My very first sighting of a jet aircraft

Jul 05, 2015

Do you remember seeing your very first jet aircraft? Mine was a Gloster Meteor, as it flew low over Bristol one morning in late 1944. It seemed so strange then, to see a plane flying along, making more or less usual aeroplane noises, with perhaps a little more ‘roar’ than usual and traveling at what seemed like a very good speed, but with no propellers attached to the two engines!

Little did I realise what a revolution I was watching, as that little, (by today’s standards), plane flew over. A whole new world of travel was about to begin, where trips from, for instance, London to Melbourne would take as little as twenty hours, instead of the several days as it had up until then.

But when I saw that Meteor, jet propulsion was only being used on military aircraft, with the Germans also making a model of their own, the Messerschmitt Me 262, very similar in appearance to the Meteor and actually produced a year or so earlier than its English competitor. It was to be several more years before de Havilland produced the Comet DH106 airliner, possibly the most beautiful aircraft ever built but also, as it turned out, one of the most dangerous, with several breaking up in the air because of metal fatigue, causing considerable loss of life.
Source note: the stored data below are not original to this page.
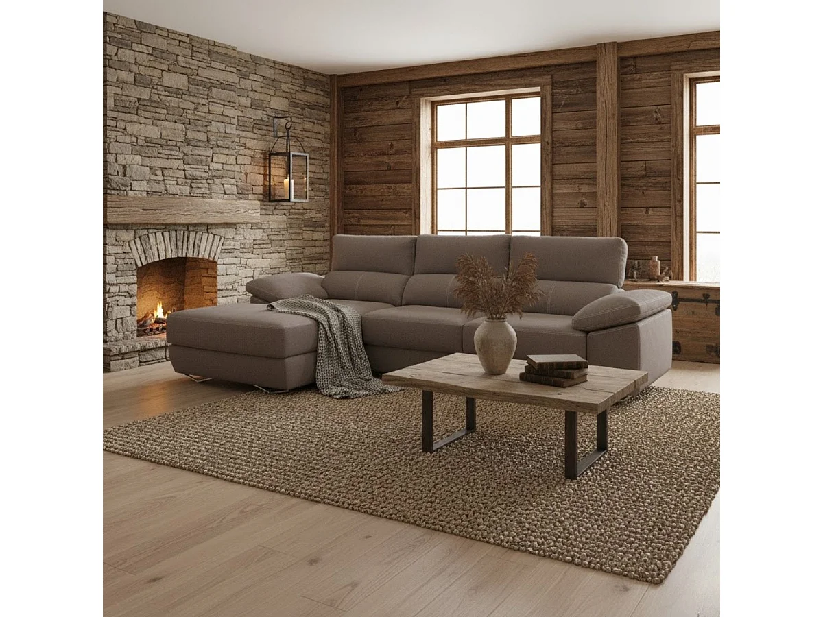 Sofá chaiselongue izquierda Danielle 3 plazas tela bronx smoke
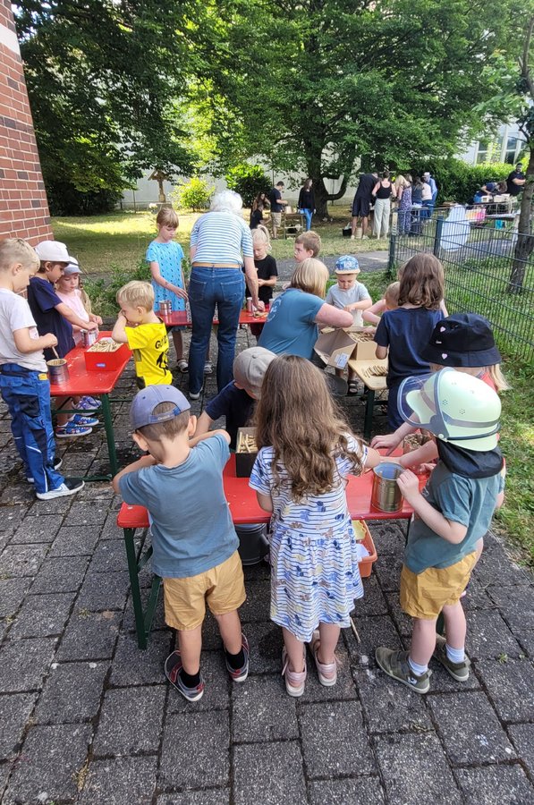 Auch die Eltern werden aktiv einbezogen. So fand am Samstag, den 12. Juli 2025, ein besonderer Workshop in der Kita statt: Gemeinsam mit ihren Kindern bauten die Familien Wildbienenhäuser, die sie anschließend mit nach Hause nehmen durften. Ergänzend gab es hilfreiche Informationen darüber, wie man Wildbienen im eigenen Garten oder auf dem Balkon anlocken und unterstützen kann.
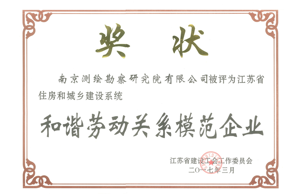 江蘇省住房和城鄉(xiāng)建設系統(tǒng)和諧勞動關系模范企業(yè)
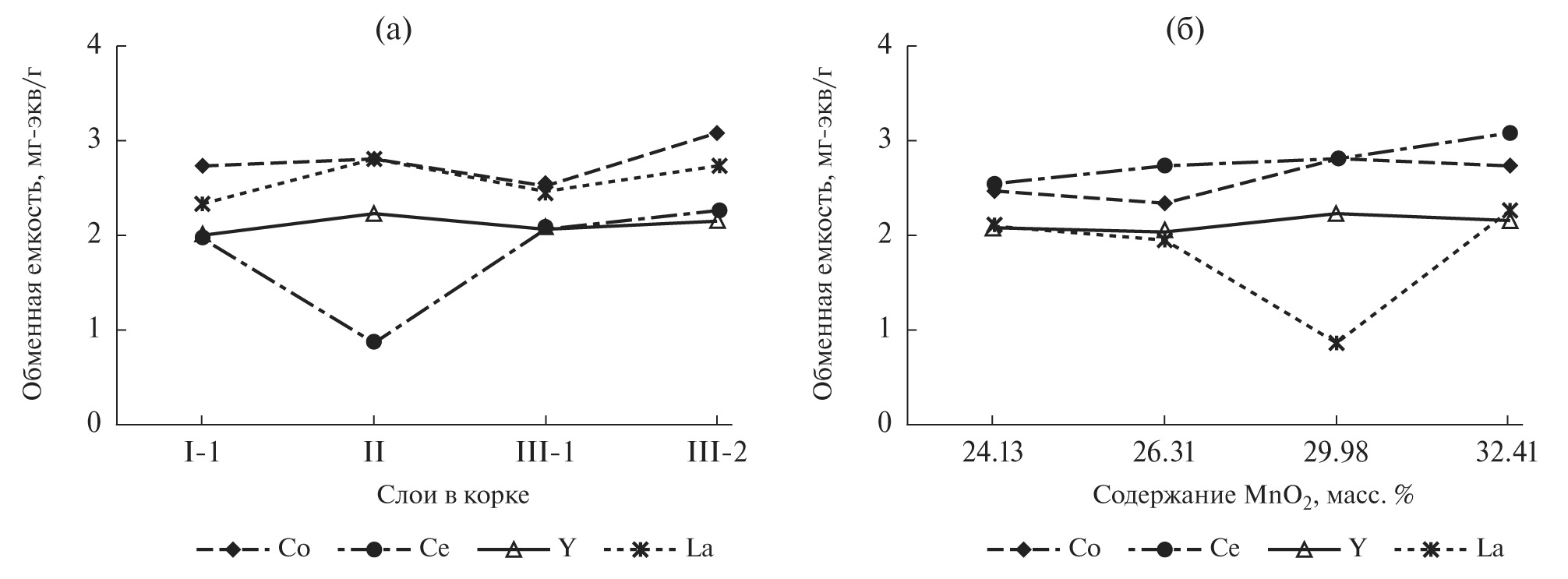 4. Fig. 3. Exchange capacity of ore minerals for Ce3 +, La3 +, Y3 +, Co2 + in different layers of the ferromanganese crust (a) and its dependence on the content of MnO2 (b).
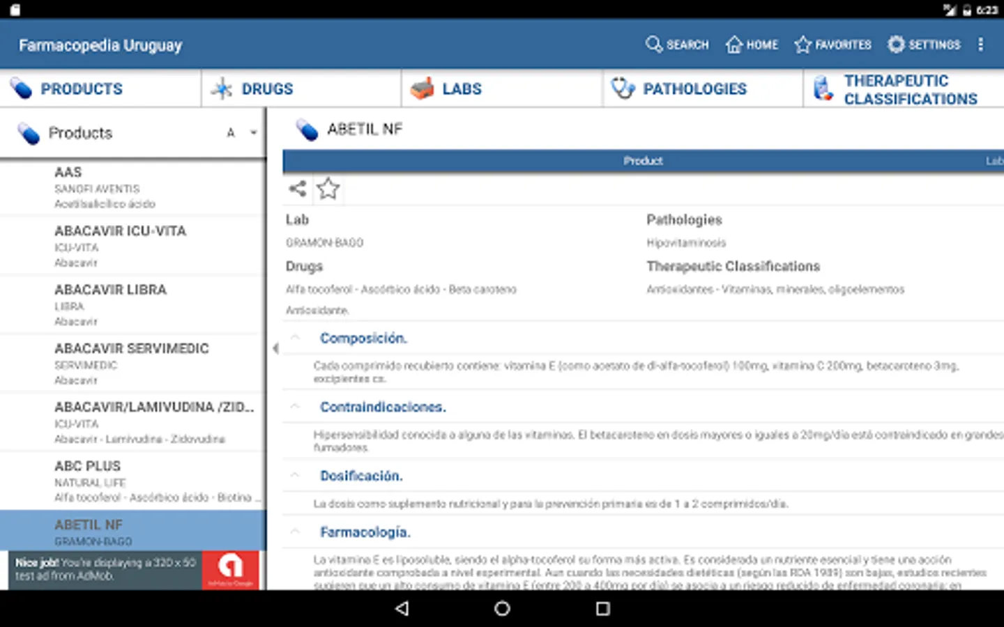 Application for reference for physicians, pharmacists and health professionals in general, that lets you check the details of medicines with the following information
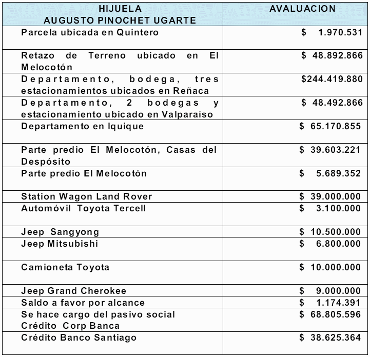 d.- Por escritura pública de fecha 7 de mayo de 1999 se acuerda separación de bienes entre Augusto Pinochet Ugarte y María Lucía Hiriart Rodríguez. Además, en ese mismo acto, y no obstante estar en conocimiento de los cónyuges las inversiones en el extranjero y de la propiedad de sociedades chilenas y con acciones al portador constituidas en el extranjero, se realiza liquidación parcial de los bienes incluyendo solamente los públicamente manifestados con el objeto de evitar se les privara de aquellos que estimaron de mayor relevancia, por posibles embargos derivados de los procesos seguidos en el exterior. Es así como los cónyuges se adjudicaron hijuelas ascendentes a $426.763.007, equivalente a 28.804,16 unidades de fomento, que hace un total de $853.526.014, equivalente a 57.608,32 unidades de fomento, que están constituidas por los siguientes bienes:

But back towards the end of the war the Meteor lead the way in England, closely followed a short while later by the de Havilland DH100 Vampire, another very pretty aircraft preceding their much larger Comet by several years. The Vampire was of a very different design to the Meteor, which had a more or less familiar aircraft shape with a single fuselage and two engines, one mounted on each wing. The Vampire however was of a double boom fuselage design and was powered by a single jet engine mounted below the pilot in the small central main body. Both aircraft were very successful in helping speed the end of World War II and they went on to serve all branches of the British Military, right up to the eighties, with several versions of each being built for use as fighters, fighter-bombers, naval aircraft and, finally as trainers for new pilots before progressing to more modern makes.
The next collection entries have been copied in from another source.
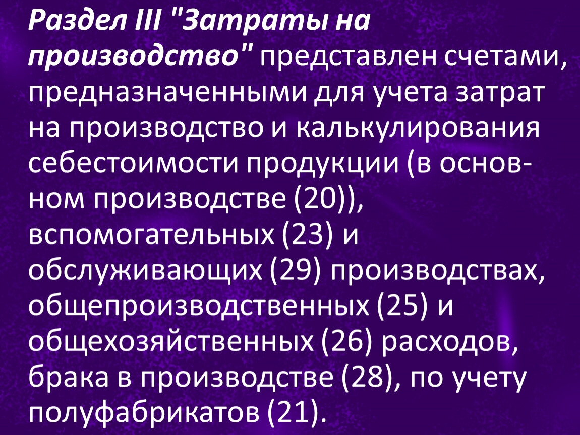Раздел III "Затраты на производство" представлен счетами, предназначенными для учета затрат на производство и калькулирования себестоимости продукции (в основ-ном производстве (20)), вспомогательных (23) и обслуживающих (29) производствах, общепроизводственных (25) и общехозяйственных (26) расходов, брака в производстве (28), по учету полуфабрикатов (21).
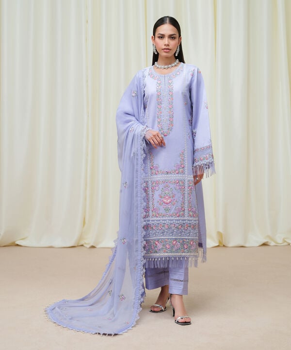 Dyed Embroidered Cotton Net Shirt Front Panels 3pc
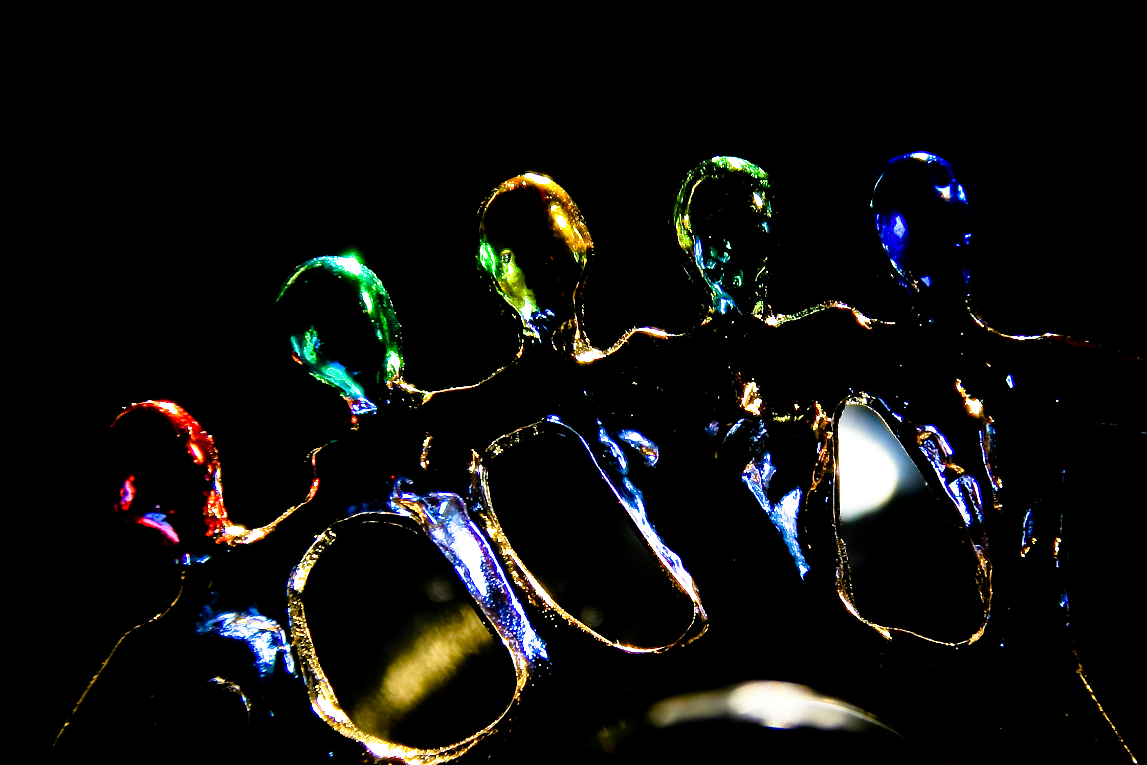 Het betreft een closup van een wijnfleshouder. Met open lens van verschillende kanten belicht met zaklamp.
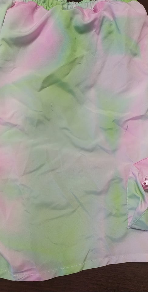 - defekt : mało widoczne wady w barwieniu z tyłu spodenek, zdjęcie w galerii produktu

By far the largest jet aircraft from the time just after the war was the Hawker Siddeley Avro Vulcan, which went into service in 1956 and was pensioned off in 1984. The Vulcan was an enormous, (by the standards of the time), delta-wing aircraft, powered by four Rolls-Royce engines buried within the fuselage. I remember one flying over me once, as an exhibition flight at a motorcycle moto-cross grand prix at Farleigh Castle near Bath in England. It was flying at about a hundred feet and its sheer size practically blotted out the sunshine – it was like an eclipse of the sun lasting about two seconds! And the noise, from those extremely powerful Rolls-Royce engines was bordering on the terrifying, especially as no one, apart from the organisers, were aware of the plane’s approach!
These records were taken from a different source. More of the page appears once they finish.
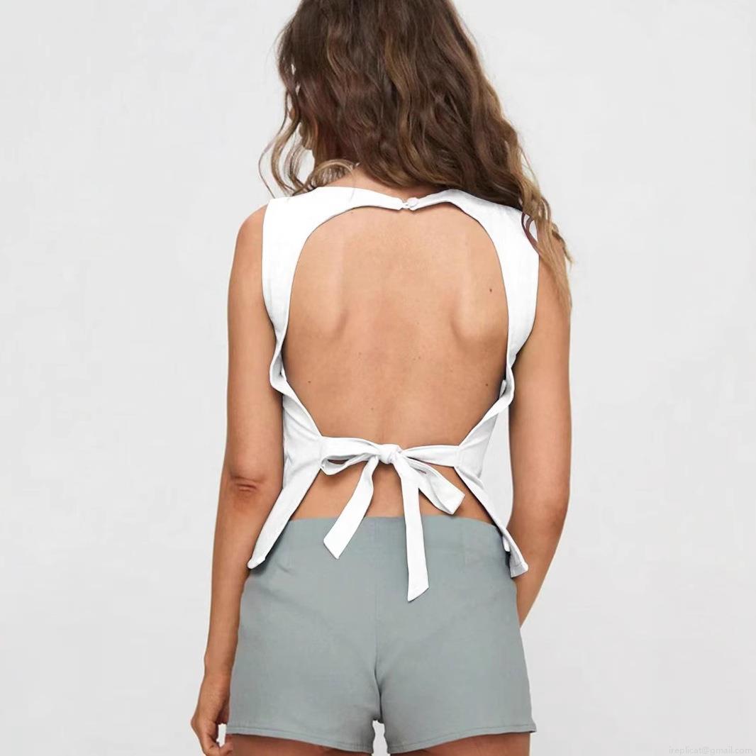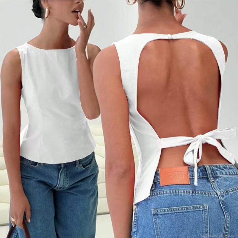 • Sexy Backless Tied Tank Top Women Sleeveless Round Neck Bow Back Slim Fit Cropped Polyester Spandex Vest Streetwear Casual Summer Top
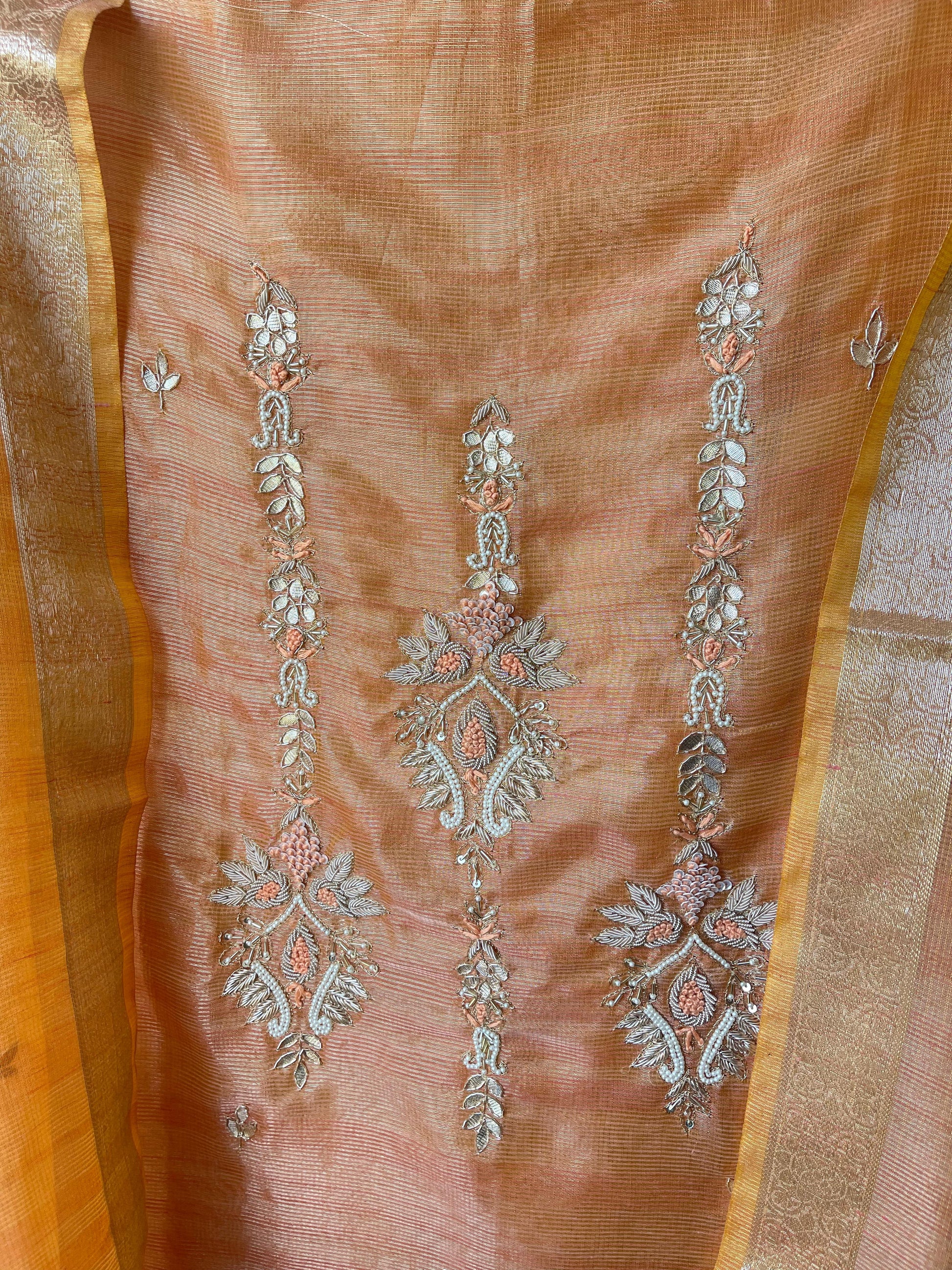 π shimmer linen silk fabric unstitched shirt with gotta work dabka pearl zari embroidery
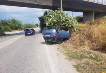 Αυτοκίνητο ανατράπηκε επί της παλαιάς Κορίνθου Πατρών (ύψος γέφυρας αρχαίας Κορίνθου) όταν ο οδηγός έχασε τον έλεγχό του, κάτω από
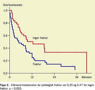 Operation for en patologisk fraktur i femur kan give umiddelbar smertereduktion og bedrer muligheden for patientpleje og gangfunktionen. Patienter opereret for knoglemetastase i bækkenet, næsten altid i acetabularområdet, havde en tendens til bedre overlevelse end patienter opereret for metastaser i femur. Sådanne patienter er selekterede, idet de ikke har et så udtalt behov for operation, som patienter med en patologisk fraktur i femur (Tabel 1).
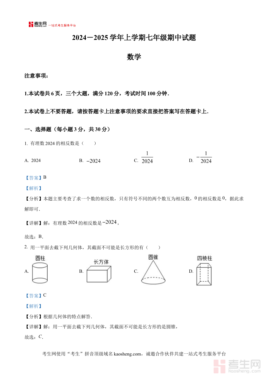 《精品解析:河南省郑州市金水区七校联考2024-2025学年七年级上学期11月期中数学试题(解析版)》是针对河南省郑州市金水区七校在2024-2025学年七年级上学期11月举行的期中数学联合考试所编制的解析类备考资料,聚焦该阶段数学学科的期中检测需求,为相关师生提供专业的试题解析支持。
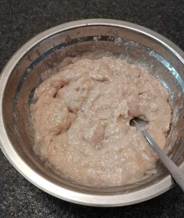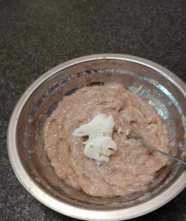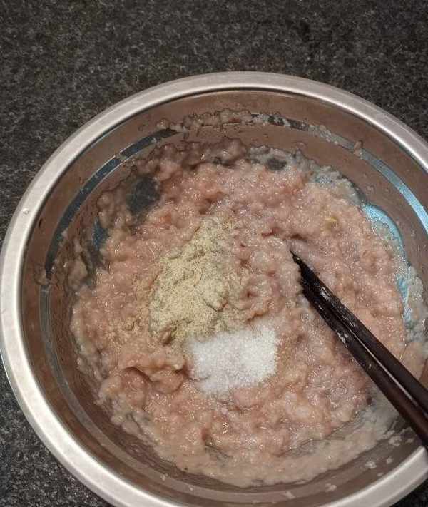 4、将晾凉的葱、姜、花椒水分次少量的加入鱼肉馅中,搅打成合适的稀稠程度。要分次加分次搅打。

Nowadays of course, we are accustomed to enormous airliners, capable of carrying five hundred passengers and powered by engines so large you can stand up inside one, but I still can’t help harbouring nostalgia for the early forerunners that proved the system before the world moved on to bigger and better! It’s hard to imagine what might be coming next in the field of air travel – with each leap forward we seem to think that is about as far as we can go, but each time the designers come up with something new. I’m sure we haven’t reached the limit of what flight can offer yet, by a long chalk!